Because the data are standardized, the variance for the standardized data is equal to one. The specific variances are computed by subtracting the communality from the variance as expressed below:
\(\hat{\Psi}_i = 1-\hat{h}^2_i\)
Recall that the data were standardized before analysis, so the variances of the standardized variables are all equal to one. For example, the specific variance for Climate is computed as follows:
\(\hat{\Psi}_1 = 1-0.795 = 0.205\)
The specific variances are found in the SAS output as the diagonal elements in the table on page 5 as seen below:
Climate | Housing | Health | crime | Trans | Educate | Arts | Recreate | Econ | |
---|---|---|---|---|---|---|---|---|---|
Climate | 0.20499 | -0.00924 | -0.01476 | -0.06027 | -0.03720 | 0.18537 | -0.07518 | -0.12475 | 0.21735 |
Housing | -0.00924 | 0.48217 | -0.02317 | -0.28063 | -0.12119 | -0.04803 | -0.07518 | -0.04032 | 0.04249 |
Health | -0.01476 | -0.02317 | 0.27770 | 0.05007 | -0.15480 | -0.11537 | -0.00929 | -0.09108 | 0.06527 |
Crime | -0.06027 | -0.28063 | 0.05007 | 0.48755 | 0.05497 | 0.11562 | 0.00009 | -0.18377 | -0.10288 |
Trans | -0.03720 | -0.12119 | -0.15480 | 0.05497 | 0.49023 | -0.14318 | -0.05439 | 0.01041 | -0.12641 |
Educate | 0.18537 | -0.04803 | -0.11537 | 0.11562 | -0.14318 | 0.43926 | -0.13515 | -0.05531 | 0.14197 |
Arts | -0.07518 | -0.07552 | -0.00929 | 0.00009 | -0.05439 | -0.13515 | 0.24618 | -0.01926 | -0.04687 |
Recreate | -0.12475 | -0.04032 | -0.09108 | -0.18377 | 0.01041 | -0.05531 | -0.01926 | 0.48274 | -0.18326 |
Econ | 0.21735 | 0.04249 | 0.06527 | -0.10288 | -0.12641 | 0.14197 | -0.04687 | -0.18326 | 0.27230 |
For example, the specific variance for housing is 0.482.

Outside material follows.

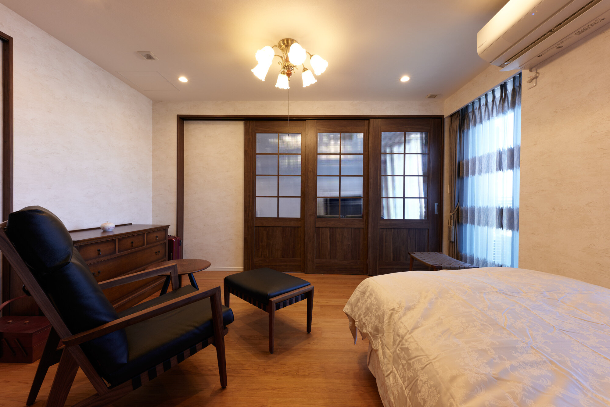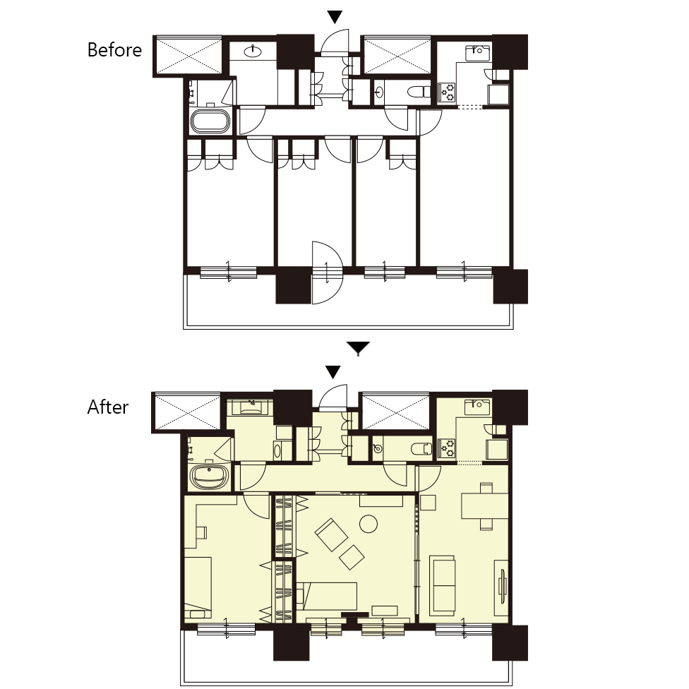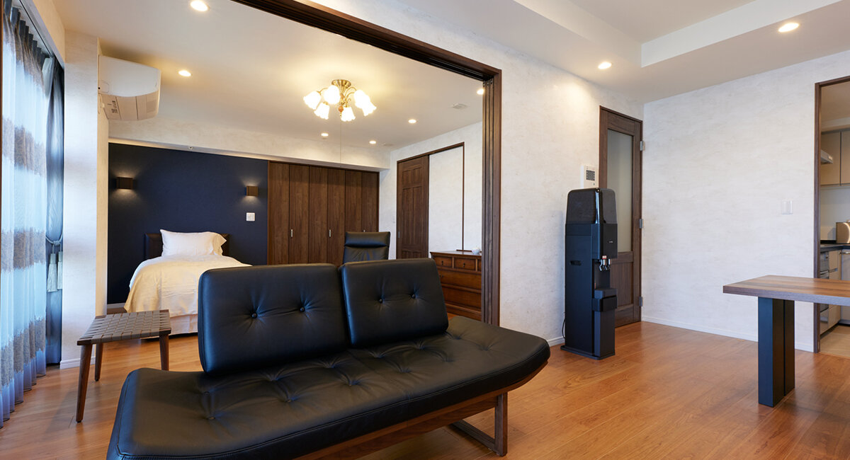 生活の変化に伴い、ゆったり過ごせるよう3LDKから2LDKにリノベーションされました。2つの洋室を1室にしたSさまの寝室は、広々と落ち着いた空間に。さらにリビングダイニングとの間の壁を撤去し3枚連動引戸で間仕切りしたことで、さらに広く使えるようになっています。もうひとつの洋室はご長男の個室で、それぞれ収納スペースを増やして使いやすさも向上。キッチンをはじめ水まわりは設備、内装を入れ替えてグレードアップしています。天然木フローリング、「ベリティス クラフトレーベル」の建具やこだわりの家具、建築化照明によって、上質で安らぎを感じられるお住まいが完成しました。

This model provides an approximation to the correlation matrix. We can assess the model's appropriateness with the residuals obtained from the following calculation:
\(s_{ij}- \sum\limits_{k=1}^{m}l_{ik}l_{jk}; i \ne j = 1, 2, \dots, p\)
This is basically the difference between R and LL', or the correlation between variables i and j minus the expected value under the model. Generally, these residuals should be as close to zero as possible. For example, the residual between Housing and Climate is -0.00924 which is pretty close to zero. However, there are some that are not very good. The residual between Climate and Economy is 0.217. These values give an indication of how well the factor model fits the data.
One disadvantage of the principal component method is that it does not provide a test for lack-of-fit. We can examine these numbers and determine if we think they are small or close to zero, but we really do not have a test for this. Such a test is available for the maximum likelihood method.